What to work on -> Leaving out the pictures, return word for word the stretch of entries below from the line holding "antique victorian green" through the line holding "edc T-Shirt Damen".
====== Data extracts ======
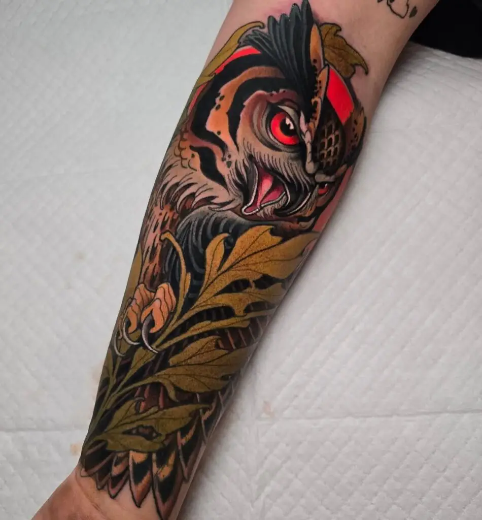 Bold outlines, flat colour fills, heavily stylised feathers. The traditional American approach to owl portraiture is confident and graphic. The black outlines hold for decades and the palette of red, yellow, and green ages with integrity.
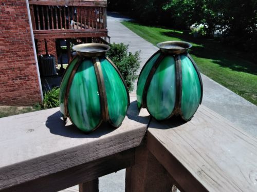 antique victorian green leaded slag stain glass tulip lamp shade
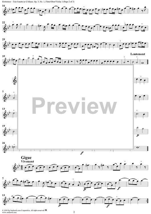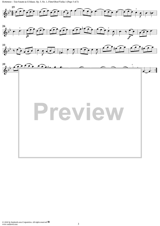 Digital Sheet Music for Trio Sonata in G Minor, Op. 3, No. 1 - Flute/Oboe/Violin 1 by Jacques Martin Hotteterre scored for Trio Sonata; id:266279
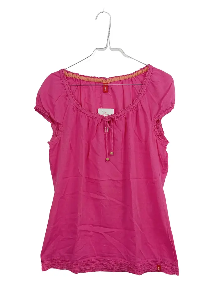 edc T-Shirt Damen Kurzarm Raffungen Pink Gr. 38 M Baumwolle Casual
======
====== Data extracts ======
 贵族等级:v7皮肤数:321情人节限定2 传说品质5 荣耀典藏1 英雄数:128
======
====== Data extracts ======
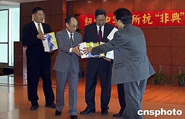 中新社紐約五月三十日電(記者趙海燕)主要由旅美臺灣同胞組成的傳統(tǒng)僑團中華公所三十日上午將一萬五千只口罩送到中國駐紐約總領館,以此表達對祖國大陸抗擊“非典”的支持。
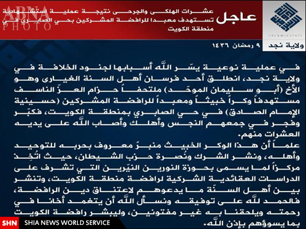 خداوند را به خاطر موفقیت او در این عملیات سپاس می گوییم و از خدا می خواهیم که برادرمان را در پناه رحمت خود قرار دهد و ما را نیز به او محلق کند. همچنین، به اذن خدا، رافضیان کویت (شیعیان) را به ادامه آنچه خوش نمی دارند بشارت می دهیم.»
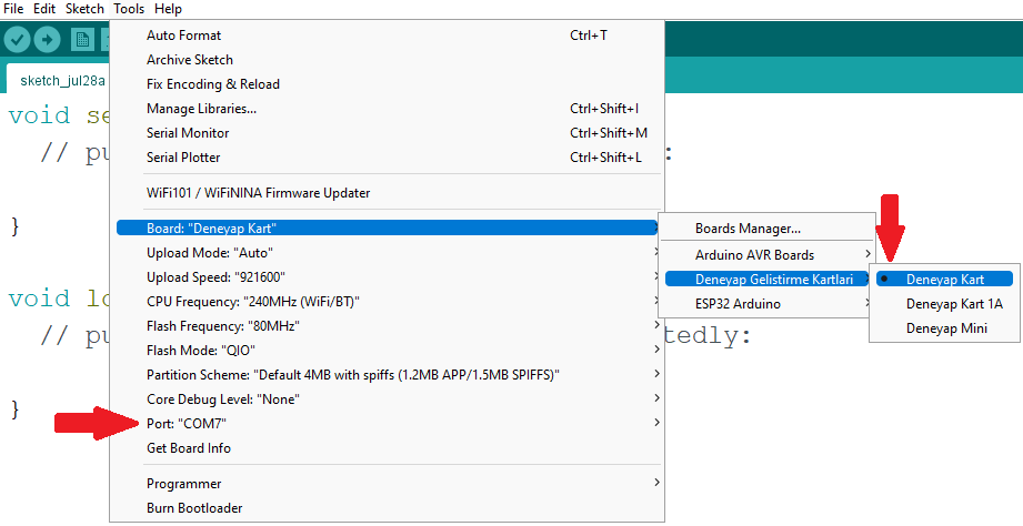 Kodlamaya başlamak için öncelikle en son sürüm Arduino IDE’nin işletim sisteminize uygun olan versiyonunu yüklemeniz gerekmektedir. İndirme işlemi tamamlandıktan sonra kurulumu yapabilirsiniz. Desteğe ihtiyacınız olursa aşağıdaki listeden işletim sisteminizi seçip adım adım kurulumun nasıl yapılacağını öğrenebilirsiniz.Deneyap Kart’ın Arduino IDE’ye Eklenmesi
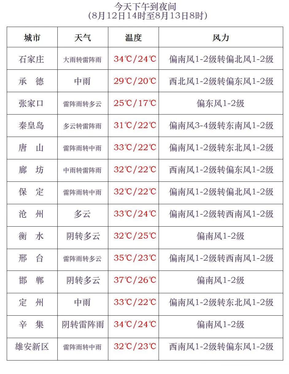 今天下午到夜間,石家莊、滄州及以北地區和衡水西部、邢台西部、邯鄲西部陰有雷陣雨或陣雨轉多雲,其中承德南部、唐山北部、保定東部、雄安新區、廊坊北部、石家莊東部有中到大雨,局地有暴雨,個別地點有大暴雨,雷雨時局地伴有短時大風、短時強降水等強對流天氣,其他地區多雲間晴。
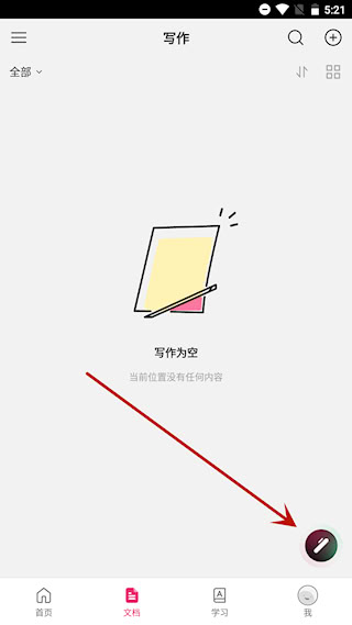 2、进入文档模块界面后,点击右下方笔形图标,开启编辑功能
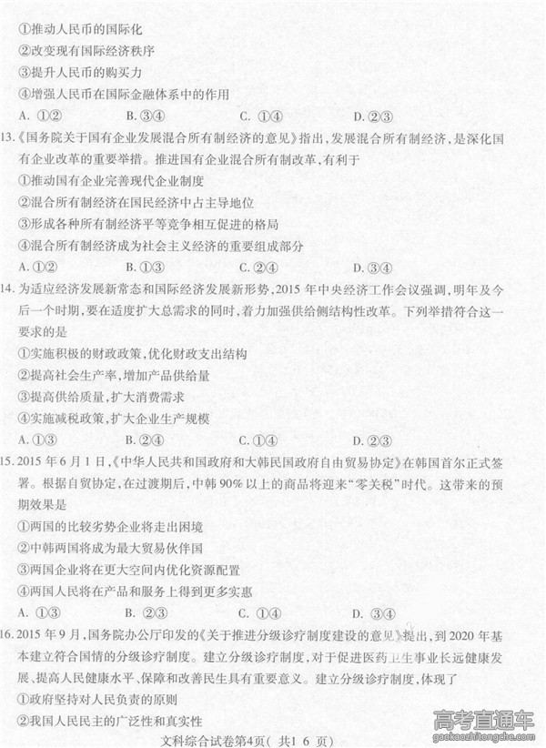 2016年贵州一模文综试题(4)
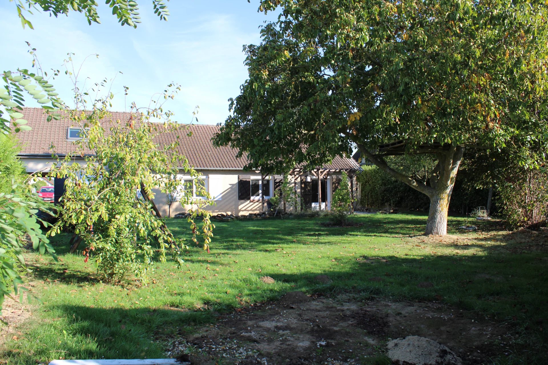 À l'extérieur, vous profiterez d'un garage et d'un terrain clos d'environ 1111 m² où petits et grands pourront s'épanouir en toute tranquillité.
======
Solution for this task ->
 antique victorian green leaded slag stain glass tulip lamp shade
 Digital Sheet Music for Trio Sonata in G Minor, Op. 3, No. 1 - Flute/Oboe/Violin 1 by Jacques Martin Hotteterre scored for Trio Sonata; id:266279
 edc T-Shirt Damen Kurzarm Raffungen Pink Gr. 38 M Baumwolle Casual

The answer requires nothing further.